La modification de l’article 28 du Code des marchés publics (CMP) introduite par ce décret serait en effet contraire aux principes de la commande publique rappelés à l’article 1er du CMP. Plusieurs arrêts du Conseil d’Etat ont récemment rappelés que les principes communautaires et constitutionnels de liberté d’accès, d’égalité de traitement, de transparence des procédures et de bonne utilisation des deniers publics s’appliquaient à tous les marchés entrant dans le champ d’application du code, y compris ceux qui ne sont pas soumis à des procédures formalisées. Or, selon le rapporteur public, les dispositions du décret iraient à l’encontre de ces principes en permettant à l’ensemble des pouvoirs adjudicateurs de déroger à toute forme de publicité et de mise en concurrence pour tous leurs marchés de moins de 20.000 euros.

S’il est délicat d’obtenir des statistiques fiables sur le montant de ces petits marchés, leur montant cumulé, estimé à plus de 215 millions d’euros, n’est pas négligeable.
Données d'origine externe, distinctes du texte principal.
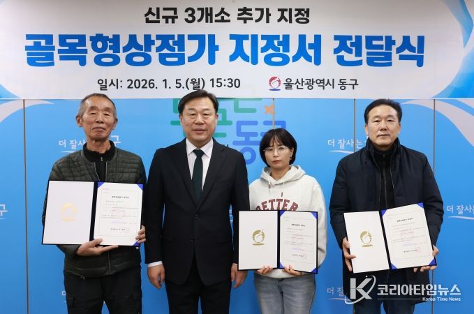 코리아타임뉴스 울산취재본부 | 울산 동구는 1월 5일 오후 3시 30분 구청장실에서 골목상권 활성화를 위한 골목형 상점가 지정서 전달식 및 상인회장 간담회를 개최하고, 동구지역 골목형 상점가 3개소를 추가 지정했다.

Le décret pose problème car il dispense la plupart des marchés des petites collectivités de toute mesure de publicité et de mise en concurrence, aussi simples soient-elles, alors qu’il peut exister localement plusieurs opérateurs susceptibles de candidater.
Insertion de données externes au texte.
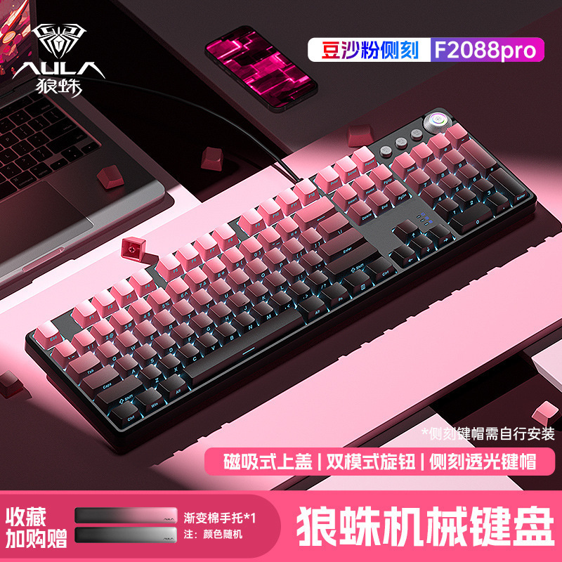 • 빨간색 축-[타오야오 파우더] 측면 각인 그라데이션 키보드 및 마우스 세트-무료 대형 마우스 패드 + 손 받침대-공식 표준

Le rapporteur public ajoute que le gouvernement, en justifiant l’adoption de ce décret par la volonté de s’aligner sur les autres pays de l’Union européenne, est dans le faux : la situation observée dans ces pays est bien différente. L’Allemagne et l’Autriche disposent en effet d’un seuil de 50.000 euros mais ces pays exigent, en contrepartie, que des devis soient demandés et qu’une trace écrite soit conservée. Par conséquent, si aucune procédure formelle n’est prévue, il existe tout de même un cadre réglementaire minimum permettant d’assurer le respect des principes fondateurs du droit de la commande publique.

Le rapporteur a donc demandé au Conseil d’Etat d’annuler le décret du 19 décembre 2008 en tant qu’il modifie l’article 28 du CMP. Mais il précise également que le principe de rétroactivité des décisions jurisprudentielle pourrait entraîner de sérieuses complications. Une annulation rétroactive signifie en effet que la procédure utilisée pour tous les marchés de moins de 20.000 euros passés entre fin 2008 et 2010 serait de facto irrégulière… ce qui ouvrirait la voie à un nombre considérable de contentieux.

L’insécurité juridique et les risques financiers que créerait une telle situation n’étant pas souhaitables en ces temps de crise économique, le rapporteur public propose donc de supprimer l’effet rétroactif de l’annulation et de lui donner un effet différé. Non sans ironie, la date d’effet de l’annulation, si elle devait être prononcée par le Conseil d’Etat, pourrait être fixée au 1er avril 2010.